Our last content creation test uses V-Ray Next’s GPU render to measure performance of the GPUs. The GeForce RTX 3080 is about 104 percent faster than the RTX 2080. We also culled results from Puget Systems, which put the GeForce RTX 3080 mobile ahead of a GeForce RTX 2080 Ti and Titan RTX.
Overall, we think the GeForce RTX 3080 is indeed the best mobile GPU available right now. To be fair, it’s not much of a bar to set if all you have to be is better than the previous GPU. Don’t let your expectations be warped by the stunning GeForce RTX 3080 desktop card.

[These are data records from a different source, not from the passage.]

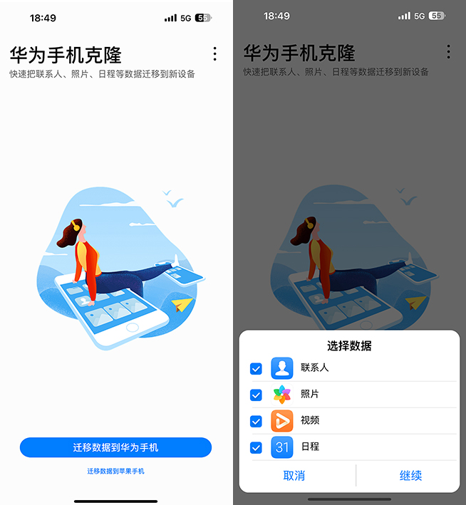 為了方便蘋果用戶換機導數據,華為手機克隆App提供了易用快捷的解決方案。iPhone用戶安裝此應用后,可直接通過無線連接一鍵將蘋果手機的照片、視頻、聯(lián)系人、日程快速傳輸至華為手機,點到點高效完成,即便小白用戶也能輕松上手操作,手機搬家就是如此簡單,助你換機無憂。
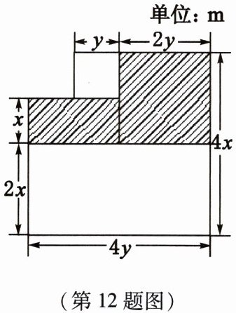 12. 一处住房的平面结构示意图如图所示,房子的主人打算把卧室(阴影部分)以外的部分全都铺上地砖,那么至少需要多少平方米的地砖?如果某种地砖的价格是 $a$ 元$/m^{2}$,那么购买所需地砖至少需要多少元?
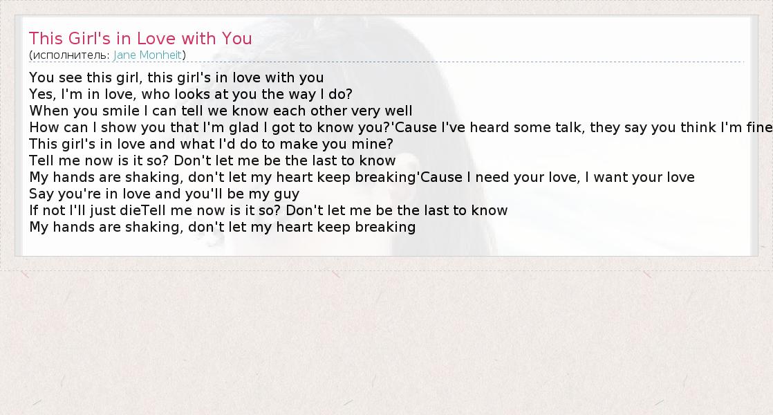 ГлавнаяИсполнителиJane MonheitThis Girl's in Love with You
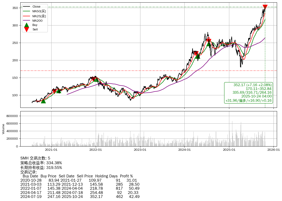 | 6 | ★SMH | $351.14(+6.08 +1.76% 2025-10-24 15:59) | 📈涨破 MA5 均线 📈涨破 52周高点 (352.84) | +334.38% | +319.55% | +14.83% | 5 | 偏多/16.9/0.16 | 2020-07-27~2025-10-24 |
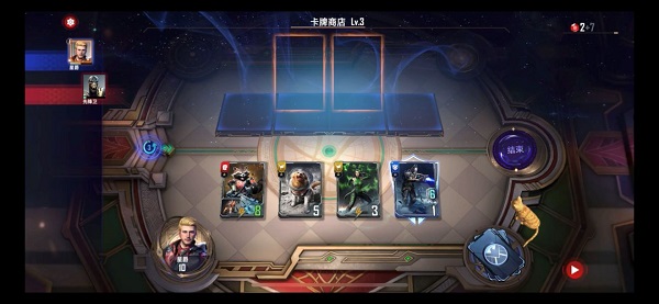 购买星鹰(特性是凯旋 战斗胜利后,商店里的“银河护卫队 ”卡牌价格-2)。
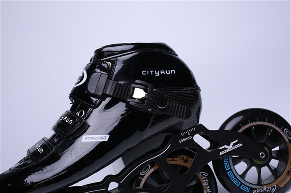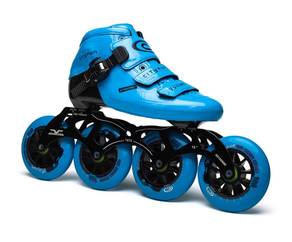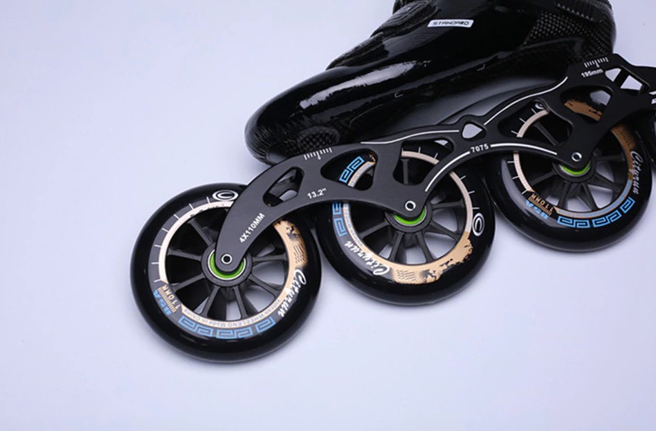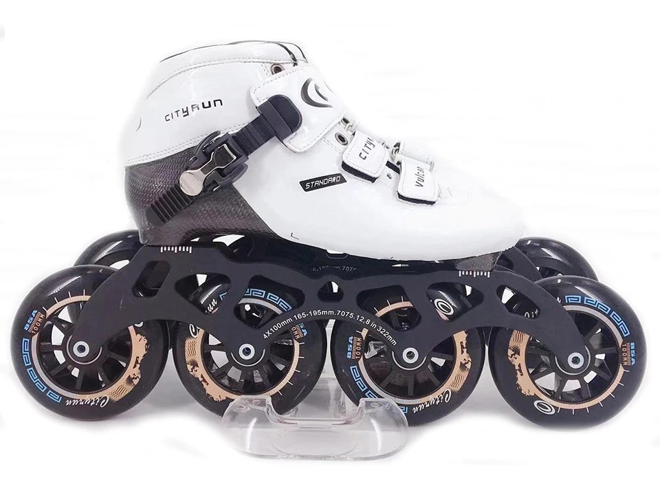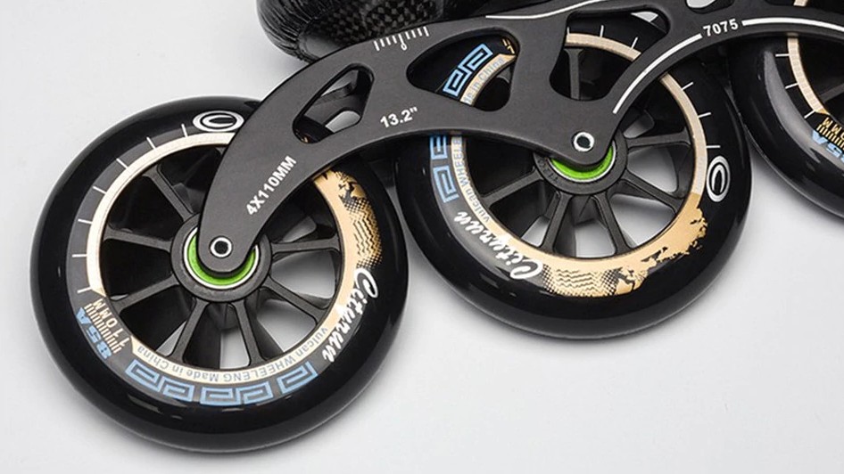 Questi pattini speed con grandi ruote sono progettati per il pattinaggio veloce.

Once we settled back into the reality that a laptop, is a laptop, is a laptop—seeing from 15- to 25-percent improvements in graphically intensive games, and even higher with ray-traced titles, is respectable.
Would we upgrade from an RTX 20-series laptop? Probably not, unless it’s a bigger step such as a side move of going from an RTX 2060 to something faster. It rarely makes sense to upgrade from one generation to the next unless you are doing it for the the huge boosts in content creation advances.
When every laptop is its own package, our first review of a new component isn’t our definitive one. We’ll have a better feel for RTX 30-series laptops after we’ve tested another half-dozen or more. But clearly with a favorable implementation such as we tested, it can do very well indeed.